# [GIVEN DATA]
____________

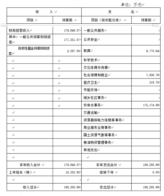 一、湖北省水利厅2020年收支预算总表
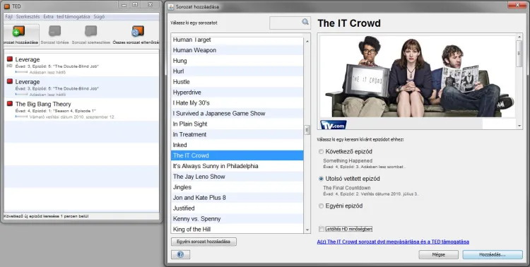 A TED konfigurálása igazából nem bonyolult, mindössze annyi a teendőnk, hogy kiválasztjuk a listából azokat a sorozatokat, amiket szeretnénk letölteni, illetve minden show esetében ki kell választanunk az első letöltendő epizódot is.
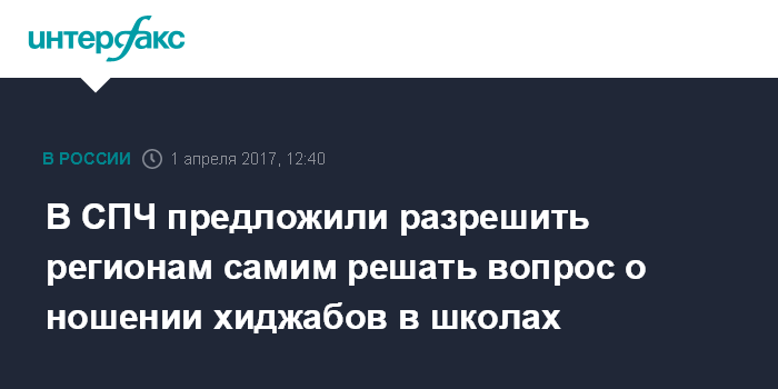 Парламент Чеченской Республики 31 марта принял поправки к закону, разрешающие учащимся носить одежду, которая отражает их религиозные убеждения. Таким образом, школы и вузы, устанавливая требования к форме одежды школьников и студентов, должны будут учитывать право учащихся одеваться согласно народным традициям и религиозным верованиям, например, носить хиджабы.
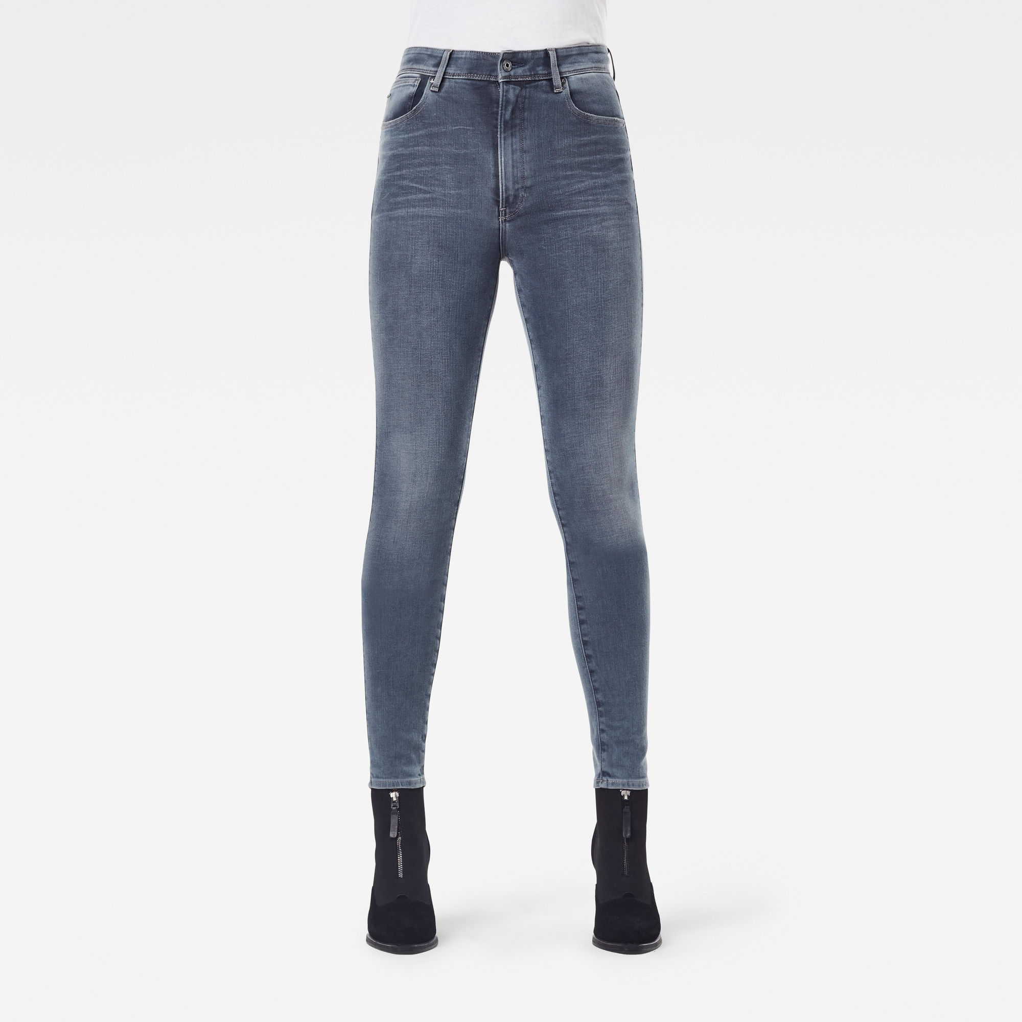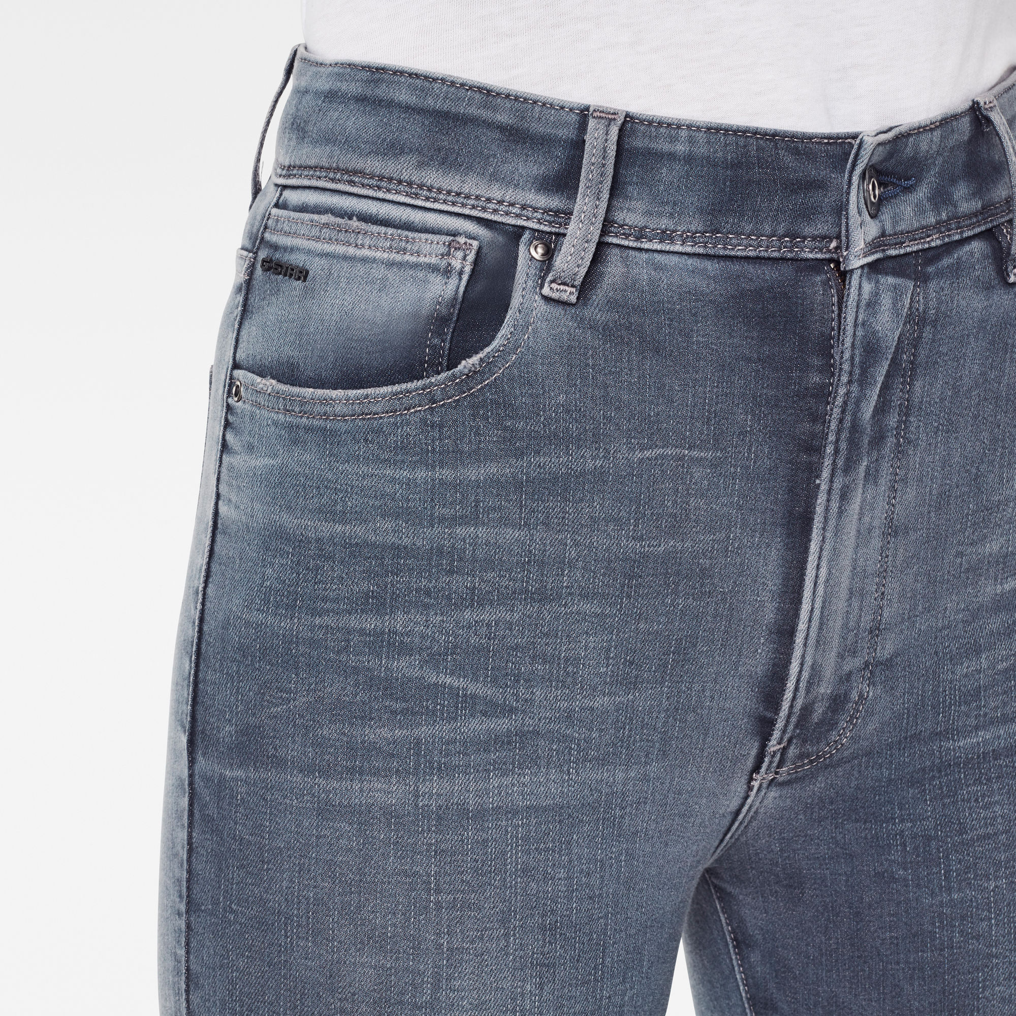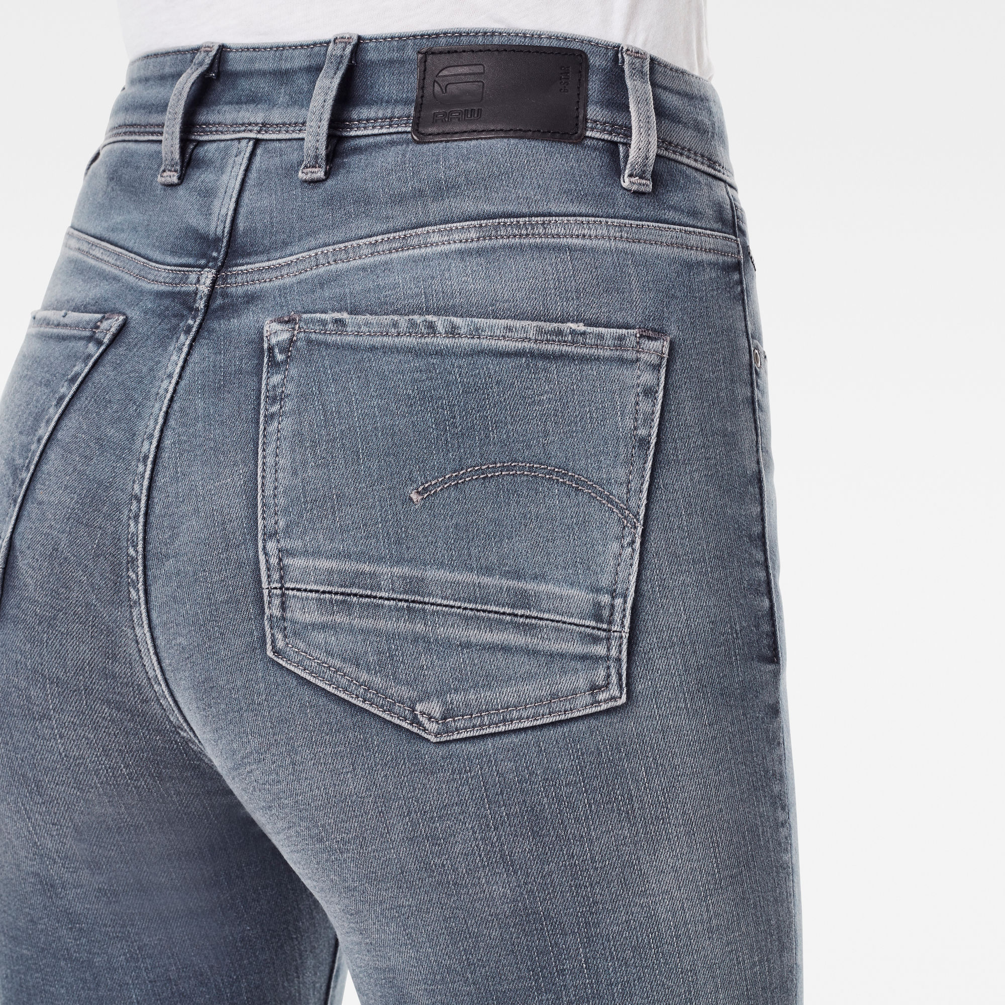The back pockets are placed higher to ensure ease of access whilst cruising on the motorcycle. It’s ultra-high waist and skinny leg gives a modern silhouette whilst echoing an era of rebellion. Ultra high waist,Tight from top to bottom,High placed back pockets,5 pockets,Zip fly,G-Star RAW leather label at backside waistband Versatile, high quality superstretch with an authentic denim aesthetic, superb recovery, soft handfeel and special blue-grey shade. 10,2 oz denim – 3×1 right hand twill construction,Excellent stretch, over 35% and superb recovery,91% Cotton, 7% Elastomultiester ( T400® EcoMade), 2% Elastane (Lycra®),The LYCRA® fibers we use are high performance stretch fibers which hold a Gold Level Material Health Certificate from the Cradle to Cradle Products Innovation Institute.,Special blue-grey shade, created by Archroma's sustainable Diresul RDT dyestuff.,By buying cotton products from G-Star Raw, you're supporting more sustainable cotton farming through the Better Cotton Initiative. Better Cotton is sourced via a system of Mass Balance. Find out more about our sustainable materials.
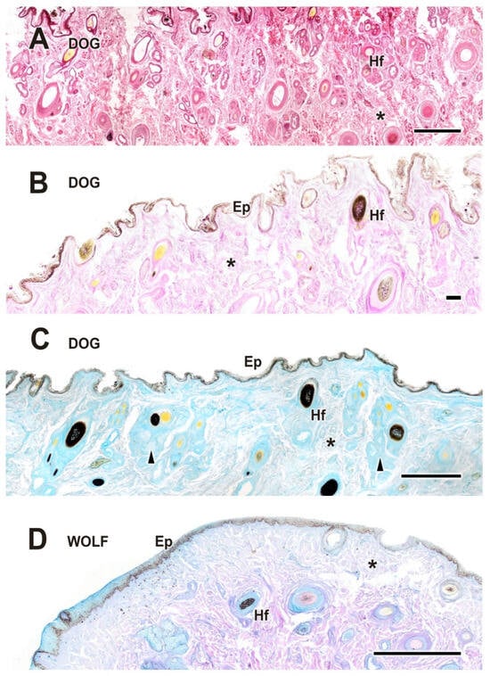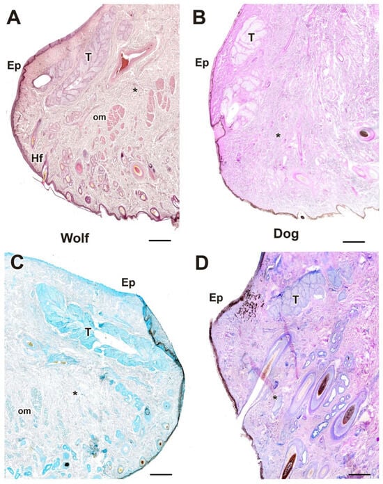 Histological study of the eyelid skin lining in the dog (A–C) and the wolf (D). The four histological stains used are hematoxylin–eosin (A), PAS (B), AB (C), and PAS-AB (D), which enable the characterization of the structure of the hair follicles, as well as the epidermis, dermis, and connective tissue development. Ep, epidermis; Hf, hair follicle; arrowheads, tubular glands; *, connective tissue. Scale bar: (A,C,D) = 500 µm; (B) = 100 µm.
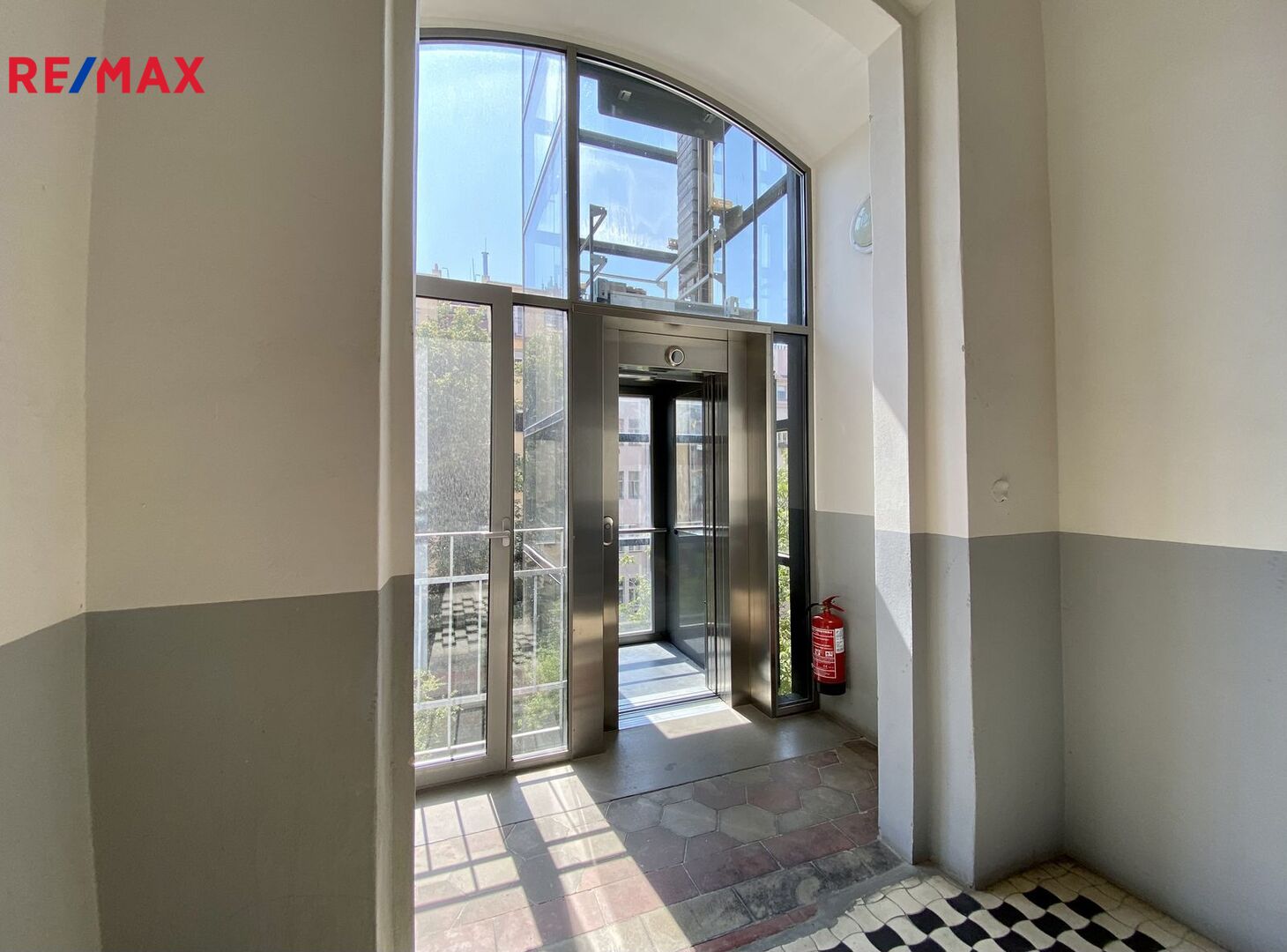 Dům je po rekonstrukci a má nový prosklený výtah.
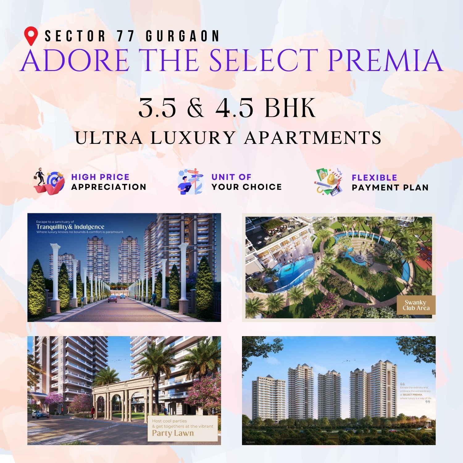 Experience luxurious living with 3, 3.5, and 4.5 BHK apartments at Adore Select Premia, Sector 77, Gurugram. This project seamlessly blends luxury, nature, and world-class amenities, surrounded by lush green spaces and exquisite architectural designs.
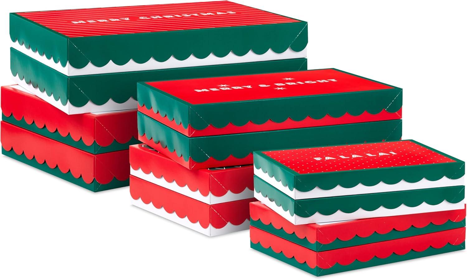 Hallmark Red and Green Christmas Gift Box Assortment (12 Boxes with Scalloped Lids: 4 Small, 4 Medium, 4 Large) for Ties, Socks, Shirts, Sweaters(Red and Green Christmas)
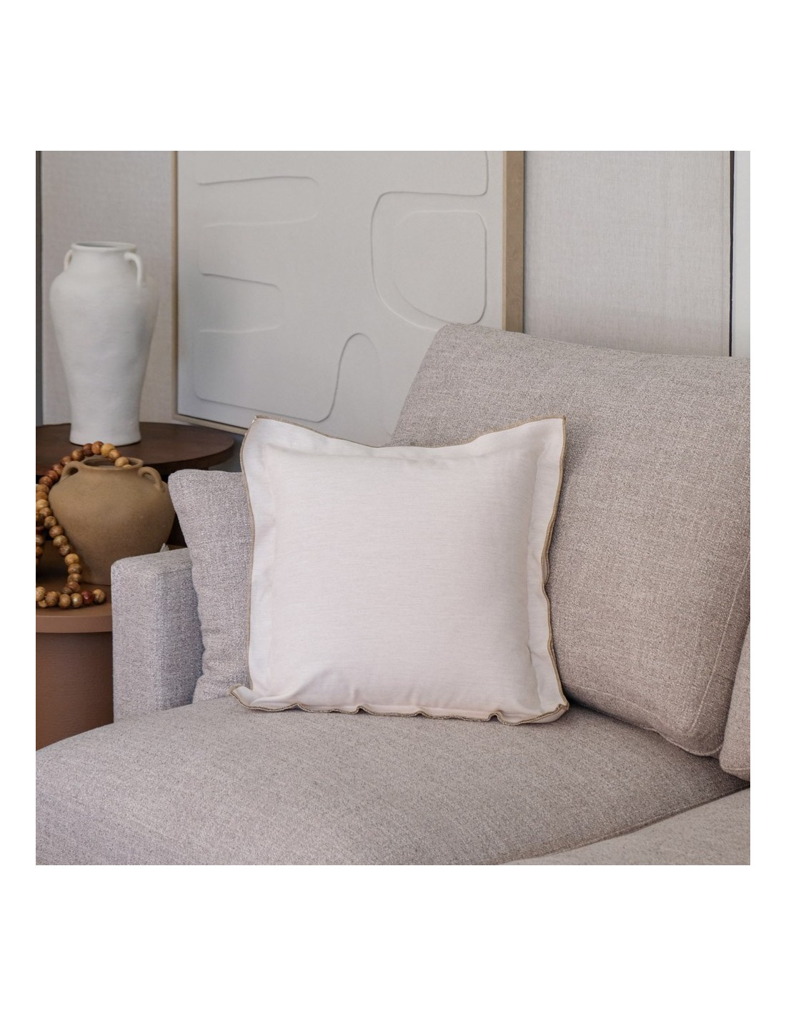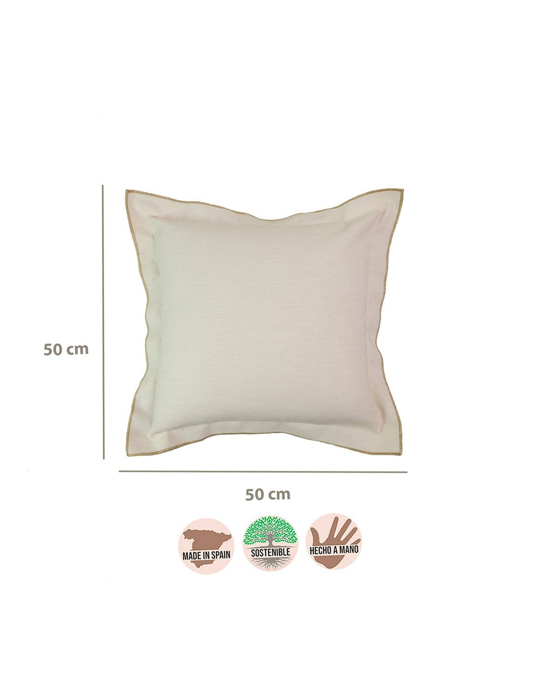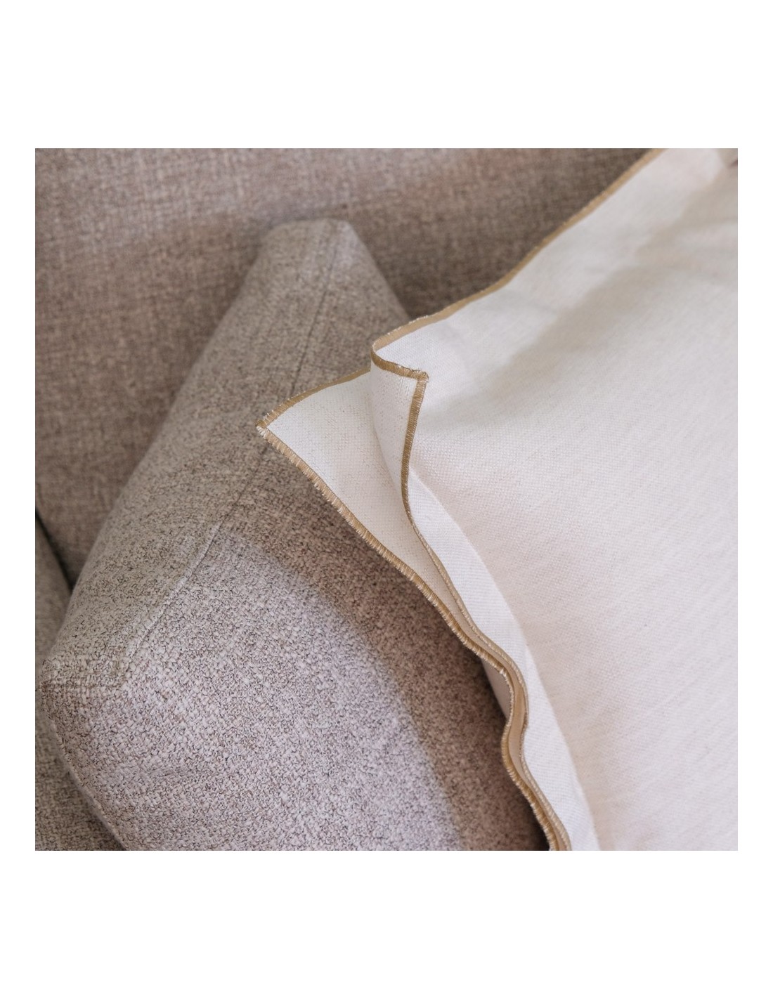 Coussin brisé blanc double tag double 4 cm broderie brun foncé 50x50 remplissage prime

____________

# [YOUR INSTRUCTIONS]
What should be set down is every line from the opening of the records through the line that contains "A TED konfigurálása", exactly, with pictures left out.

# [EXERCISE ANSWER]
 一、湖北省水利厅2020年收支预算总表
 A TED konfigurálása igazából nem bonyolult, mindössze annyi a teendőnk, hogy kiválasztjuk a listából azokat a sorozatokat, amiket szeretnénk letölteni, illetve minden show esetében ki kell választanunk az első letöltendő epizódot is.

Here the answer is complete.